§ **Records for the task**:
━━━━
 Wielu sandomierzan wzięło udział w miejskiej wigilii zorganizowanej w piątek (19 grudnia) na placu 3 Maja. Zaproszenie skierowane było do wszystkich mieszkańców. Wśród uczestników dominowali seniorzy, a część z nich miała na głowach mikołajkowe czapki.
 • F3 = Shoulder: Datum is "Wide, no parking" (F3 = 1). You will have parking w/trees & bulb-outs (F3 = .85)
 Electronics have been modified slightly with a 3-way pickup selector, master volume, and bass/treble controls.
━━━━
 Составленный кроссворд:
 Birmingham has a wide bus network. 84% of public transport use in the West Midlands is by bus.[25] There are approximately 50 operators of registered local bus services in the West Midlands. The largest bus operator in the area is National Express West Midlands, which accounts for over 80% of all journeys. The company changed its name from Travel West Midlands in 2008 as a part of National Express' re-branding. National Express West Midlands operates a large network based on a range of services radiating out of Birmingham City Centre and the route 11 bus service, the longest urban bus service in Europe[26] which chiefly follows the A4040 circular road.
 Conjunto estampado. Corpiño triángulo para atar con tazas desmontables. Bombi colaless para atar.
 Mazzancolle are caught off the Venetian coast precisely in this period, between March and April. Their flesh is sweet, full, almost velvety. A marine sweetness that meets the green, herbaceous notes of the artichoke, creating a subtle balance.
━━━━
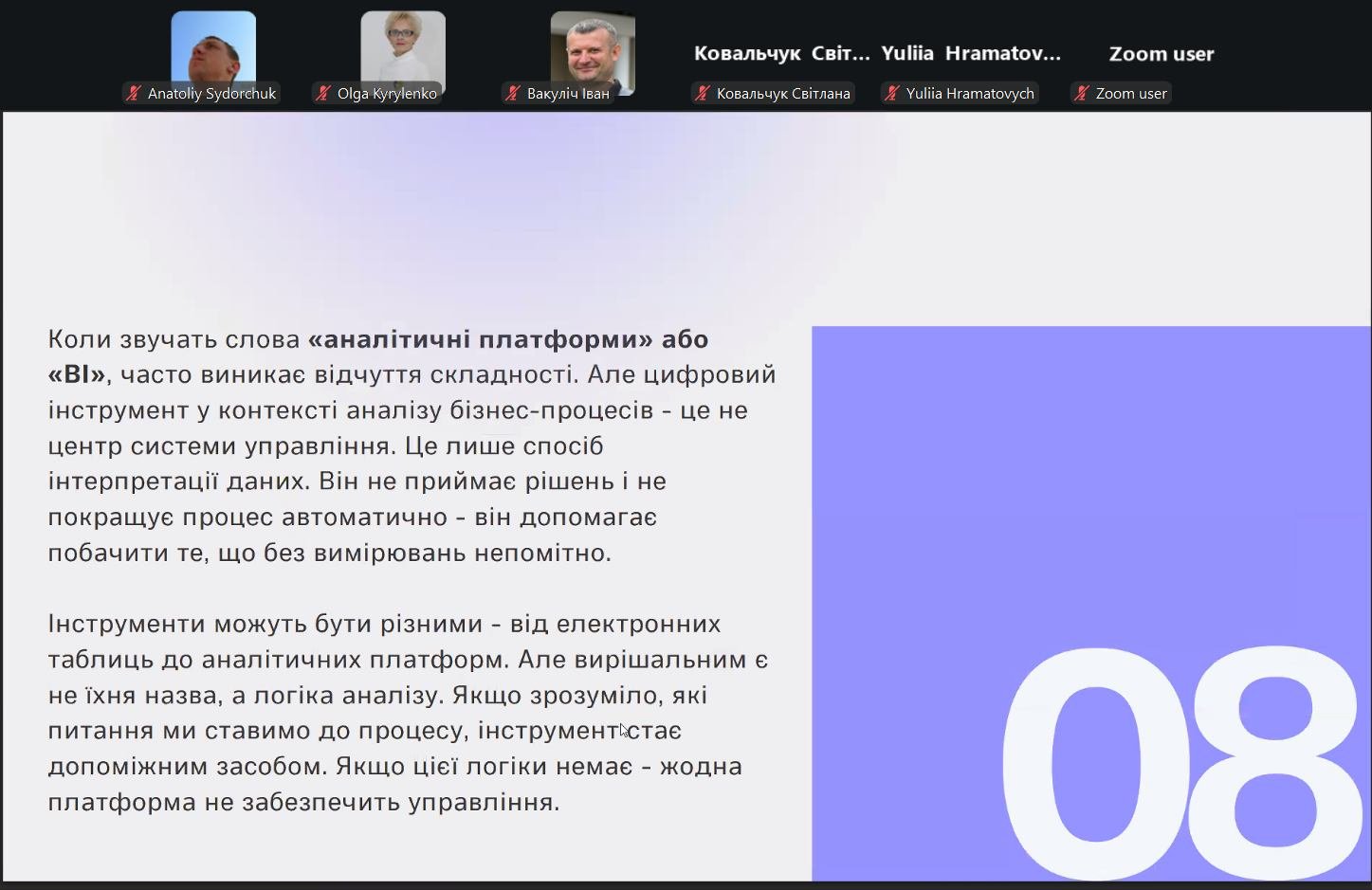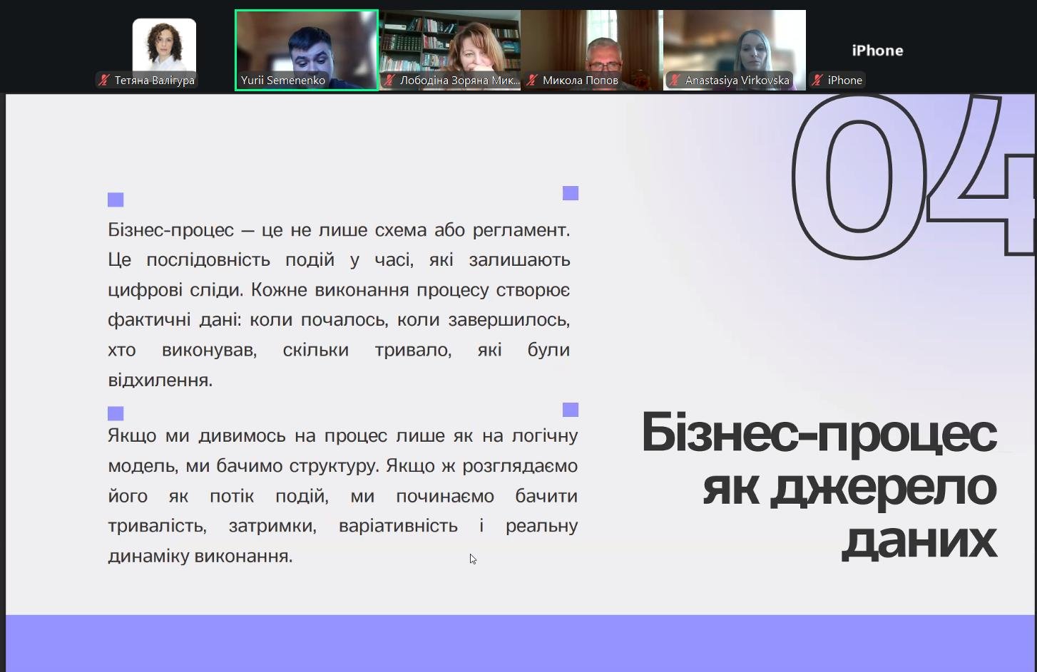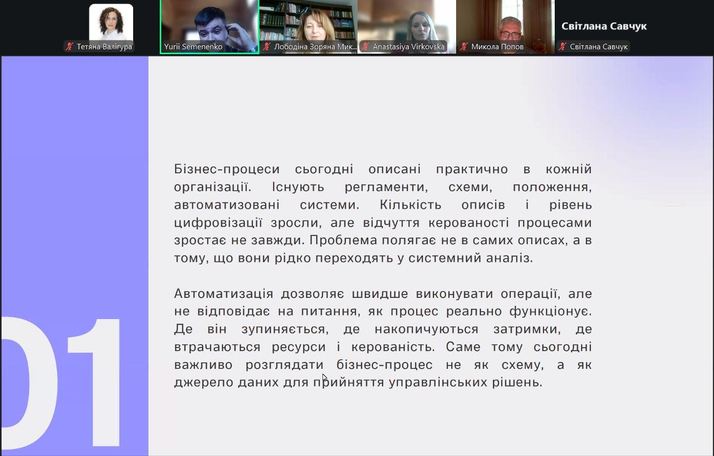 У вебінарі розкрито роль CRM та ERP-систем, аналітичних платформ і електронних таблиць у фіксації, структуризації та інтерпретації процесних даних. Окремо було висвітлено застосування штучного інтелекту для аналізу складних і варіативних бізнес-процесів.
━━━━
§ **Aim of the exercise**:
In the listing above, the lines from the one containing "bulb-outs (F3 = .85)" through the one containing "Electronics have been" must be set down exactly, with no other lines.

§ **Answer box**:
 • F3 = Shoulder: Datum is "Wide, no parking" (F3 = 1). You will have parking w/trees & bulb-outs (F3 = .85)
 Electronics have been modified slightly with a 3-way pickup selector, master volume, and bass/treble controls.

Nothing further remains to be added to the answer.